### PROBLEM TO WORK ON
Provide again, from the entries below, every line from the one containing "day of hunt" through the one containing "등기부등본을 PDF파일로 첨부하면 확인하는 방식입니다.", exactly as written, and no other line.

[[ DATA FOR THE TASK open ]]

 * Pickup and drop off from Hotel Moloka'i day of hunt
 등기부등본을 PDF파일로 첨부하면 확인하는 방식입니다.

[[ DATA FOR THE TASK closed ]]
[[ DATA FOR THE TASK open ]]

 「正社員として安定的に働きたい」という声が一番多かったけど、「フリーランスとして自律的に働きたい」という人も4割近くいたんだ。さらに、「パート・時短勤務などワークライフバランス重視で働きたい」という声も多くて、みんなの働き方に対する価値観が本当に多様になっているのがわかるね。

[[ DATA FOR THE TASK closed ]]

### ANSWER BELOW
 * Pickup and drop off from Hotel Moloka'i day of hunt
 등기부등본을 PDF파일로 첨부하면 확인하는 방식입니다.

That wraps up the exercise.